» Activity:
I need the entries printed again word for word, without the images.

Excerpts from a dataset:
========================================================================

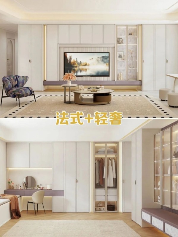 萃取法式美学的浪漫精髓与现代空间的秩序感。香槟金色边框与精心设计的灯光和谐相衬,使得空间的浪漫仪式感与精致华丽感得以并存。
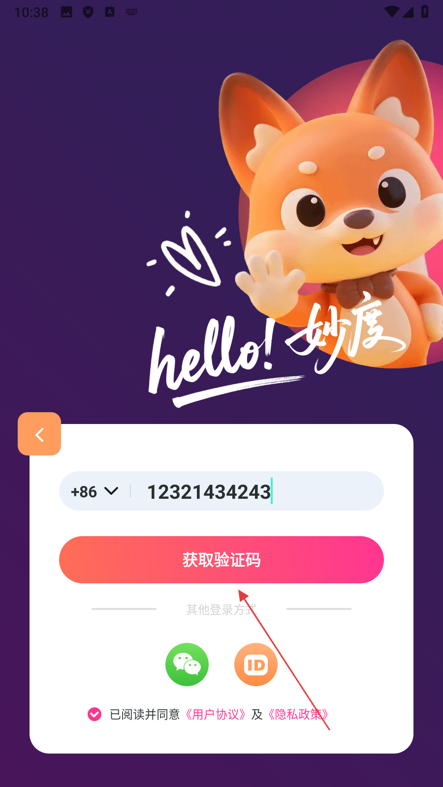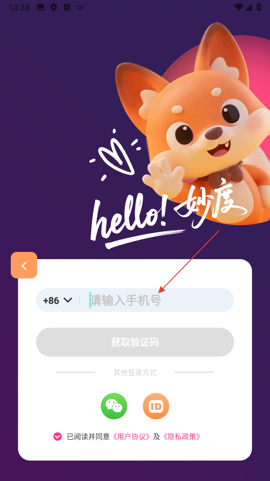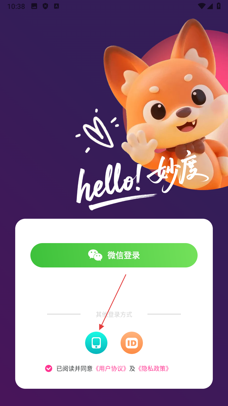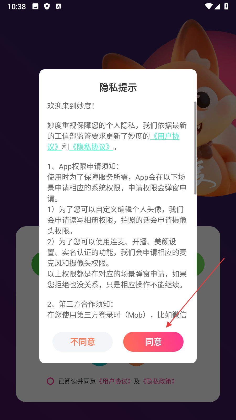 1、在隐私提示弹窗中,点击【同意】,进入登录选择页面。
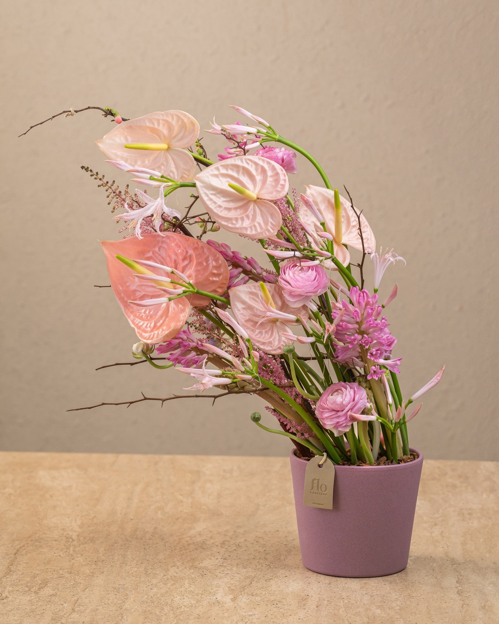 Meet Joanna - the perfect pop of pink for any space! This quirky flower arrangement is sure to add a playful touch to your home or office. With its vibrant blooms and eye-catching colors, Joanna will bring a smile to your face every time you see it. (Warning: may cause spontaneous bouts of joy!)
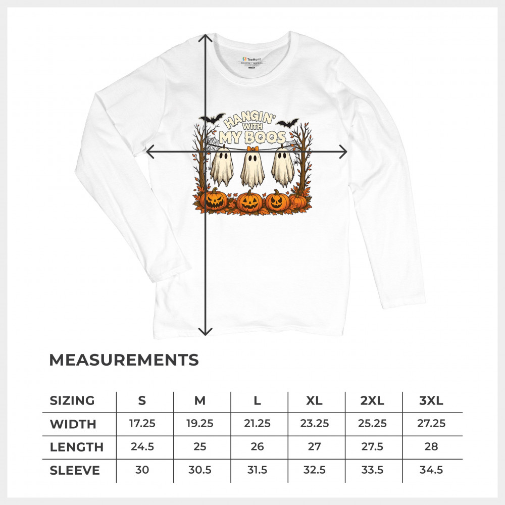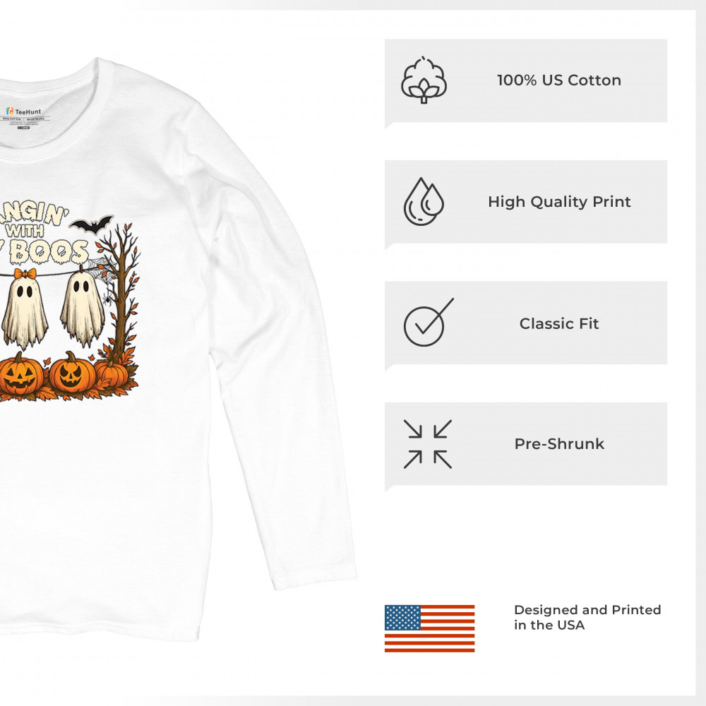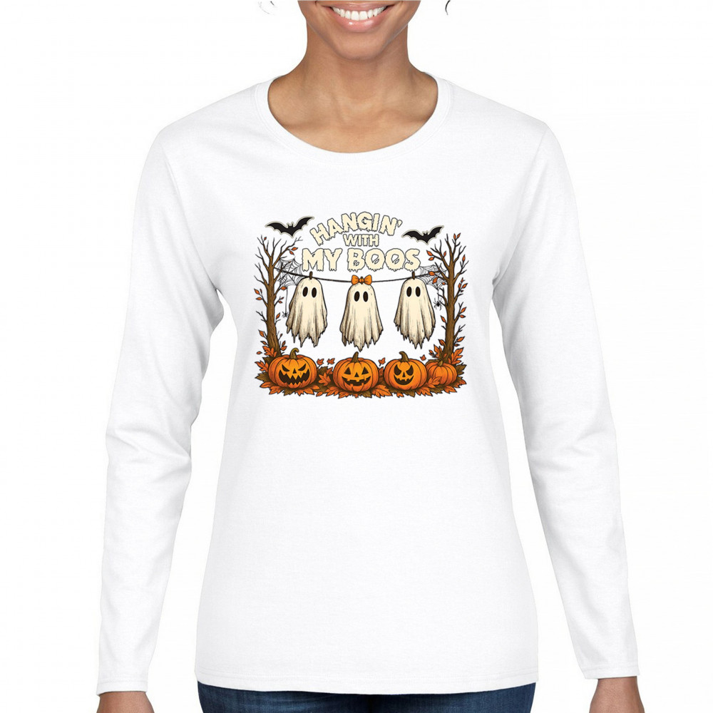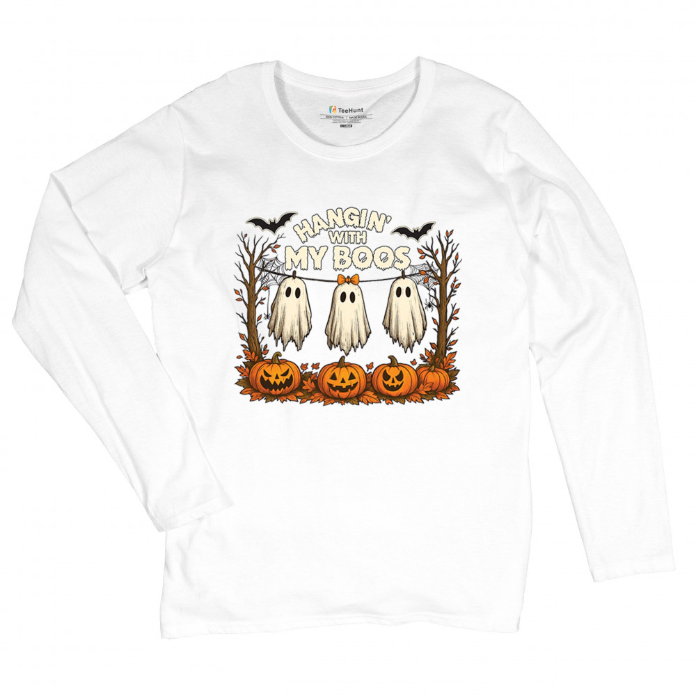 Hangin With My Boos design featuring spooky ghosts, jack o lanterns, and haunted house humor. Perfect for Halloween night, October 31, and parties.
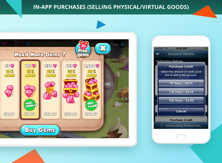 In-app purchases are exactly what they sound like. In a nutshell, this app monetization strategy involves selling physical or virtual goods within your app, and then retaining the profits. In-app purchases can include a wide variety of consumer goods such as clothes and accessories.
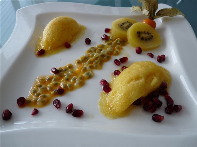 also ich glaube kiwi, physalis, granatapfel und passionsfrucht (?) zu erkennen.
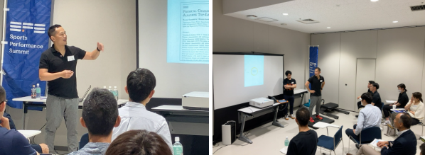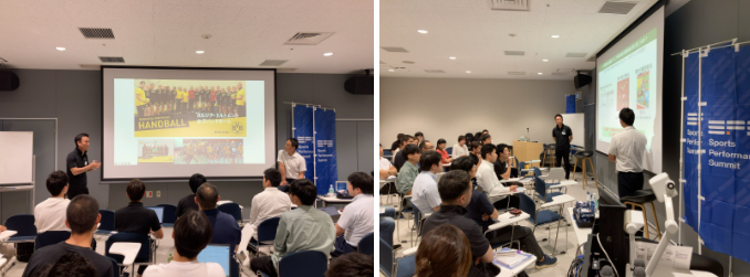 ハイパフォーマンススポーツセンター国立スポーツ科学センター研究員山下大地氏にご登壇いただきました。講義内では協賛企業の株式会社フォーアシスト様による実演も行いました
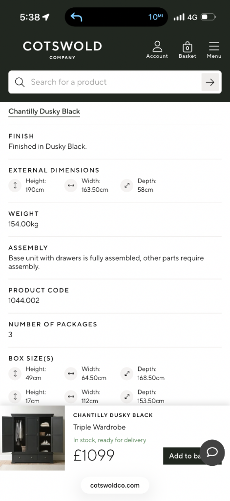 Posting for under a monthChantilly Triple Wardrobe from The Cotswold Company in the color Dusky Black.
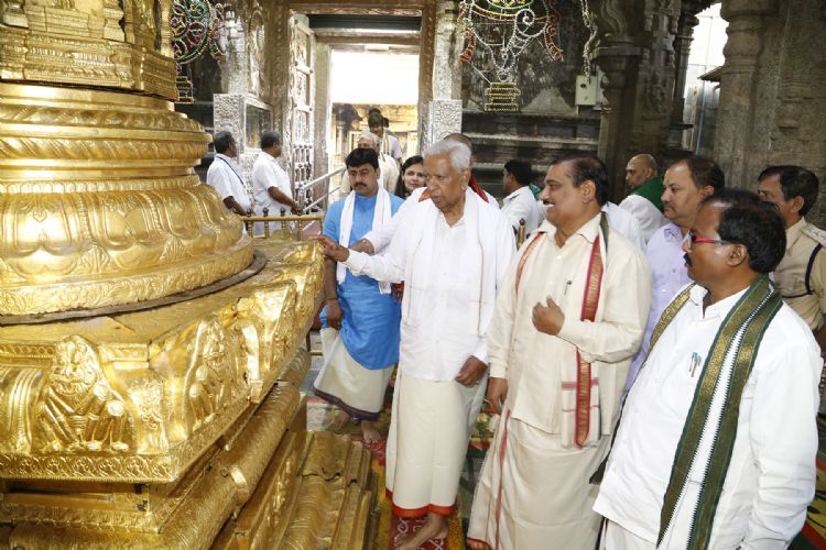 Governor of Karnataka Sri Vajubhai Rudabhai Vala accompanied by family members, offered prayers to Lord Venkateswara inside Srivari temple on Thursday morning in Tirumala.

========================================================================

» Result of this exercise:
 萃取法式美学的浪漫精髓与现代空间的秩序感。香槟金色边框与精心设计的灯光和谐相衬,使得空间的浪漫仪式感与精致华丽感得以并存。
 1、在隐私提示弹窗中,点击【同意】,进入登录选择页面。
 Meet Joanna - the perfect pop of pink for any space! This quirky flower arrangement is sure to add a playful touch to your home or office. With its vibrant blooms and eye-catching colors, Joanna will bring a smile to your face every time you see it. (Warning: may cause spontaneous bouts of joy!)
 Hangin With My Boos design featuring spooky ghosts, jack o lanterns, and haunted house humor. Perfect for Halloween night, October 31, and parties.
 In-app purchases are exactly what they sound like. In a nutshell, this app monetization strategy involves selling physical or virtual goods within your app, and then retaining the profits. In-app purchases can include a wide variety of consumer goods such as clothes and accessories.
 also ich glaube kiwi, physalis, granatapfel und passionsfrucht (?) zu erkennen.
 ハイパフォーマンススポーツセンター国立スポーツ科学センター研究員山下大地氏にご登壇いただきました。講義内では協賛企業の株式会社フォーアシスト様による実演も行いました
 Posting for under a monthChantilly Triple Wardrobe from The Cotswold Company in the color Dusky Black.
 Governor of Karnataka Sri Vajubhai Rudabhai Vala accompanied by family members, offered prayers to Lord Venkateswara inside Srivari temple on Thursday morning in Tirumala.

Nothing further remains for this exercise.